Un caso ocurrido en Barranquilla volvió a poner sobre la mesa el debate sobre la relación entre videojuegos, comportamiento y salud emocional. Las autoridades investigan un hecho registrado en el barrio San Roque, donde un niño de 11 años atacó con un arma cortopunzante a un adolescente de 16 años después de una discusión originada durante una sesión de videojuegos. La víctima sufrió heridas en el pecho y uno de sus antebrazos y tuvo que recibir atención médica especializada. La Policía de Infancia y Adolescencia asumió la investigación del caso.
Según los reportes conocidos, ambos menores acostumbraban reunirse con frecuencia en una vivienda del sector para compartir y jugar videojuegos junto a otros jóvenes. Durante una partida, una discusión escaló rápidamente cuando uno de los participantes reaccionó de forma violenta tras una derrota. El incidente terminó con el traslado de la víctima a un centro asistencial y la intervención de las autoridades competentes.

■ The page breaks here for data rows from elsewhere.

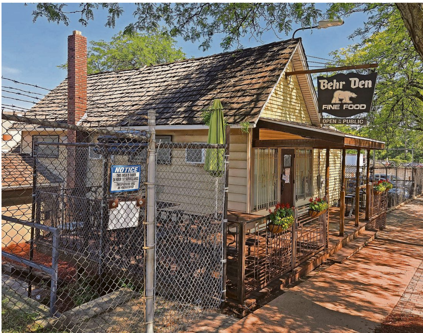
The Behr Den restaurant, 1125 Seminary St., is seen July 7.
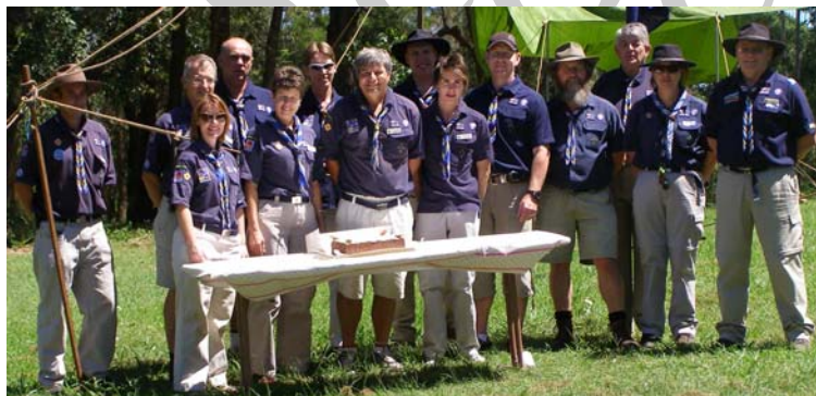
The Leadership Team at Winston Hills, 2008.
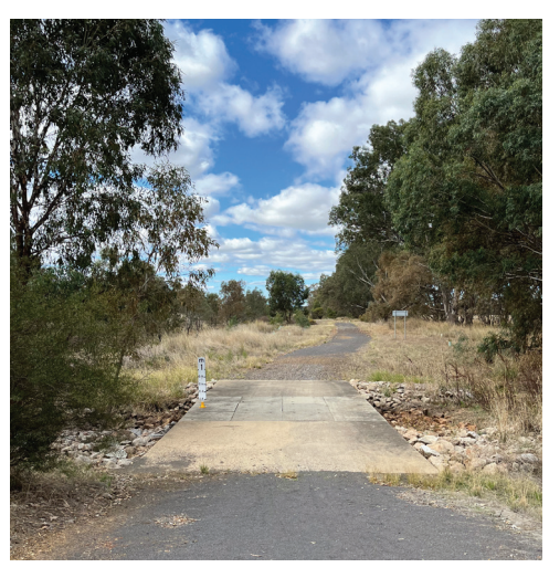
Mokoan Discovery Trail.

Council is set to begin community engagement on the Holland Bio Link Management Plan starting with adjoining landholders this month, before extending the opportunity to provide input to the wider community.

Aunque la noticia ha generado titulares que relacionan directamente el ataque con los videojuegos, especialistas en infancia, educación y salud mental suelen advertir que este tipo de situaciones son mucho más complejas. Los videojuegos pueden actuar como un detonante circunstancial dentro de un conflicto, pero no explican por sí solos conductas violentas de esta magnitud. Factores familiares, sociales, emocionales y educativos suelen desempeñar un papel mucho más relevante.
Diversos organismos internacionales han señalado que el riesgo no reside necesariamente en jugar videojuegos, sino en las condiciones en las que se desarrollan estas actividades. Aspectos como la supervisión de adultos, la educación emocional, la gestión de conflictos y el acompañamiento durante el uso de plataformas digitales influyen significativamente en la forma en que niños y adolescentes enfrentan situaciones competitivas.

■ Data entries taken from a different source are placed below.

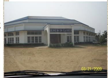
Spirit of Faith Church Dimapur, Nagaland. See more pics here ->

Unfortunately, I did not need to get up early because the flight was delayed by two hours. That began the worst experience of my entire life!
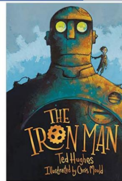
Chris Mould 2019

We will use charcoal and pastels to create an Iron Man drawing
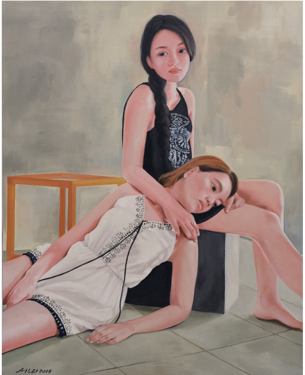
Black & White #3 76 x 61 cm | Oil on Canvas | 2018

Para la industria de los videojuegos, este tipo de casos representan un desafío de comunicación constante. Existe el riesgo de simplificar hechos complejos atribuyendo la responsabilidad a los videojuegos sin considerar factores estructurales más amplios. La evidencia científica disponible no ha demostrado una relación causal directa entre jugar videojuegos y cometer actos violentos.
El caso de Barranquilla deja una reflexión que trasciende a los videojuegos. En una sociedad cada vez más digital, la educación emocional, la capacidad para manejar la frustración y la construcción de entornos seguros para niños y adolescentes se convierten en elementos fundamentales.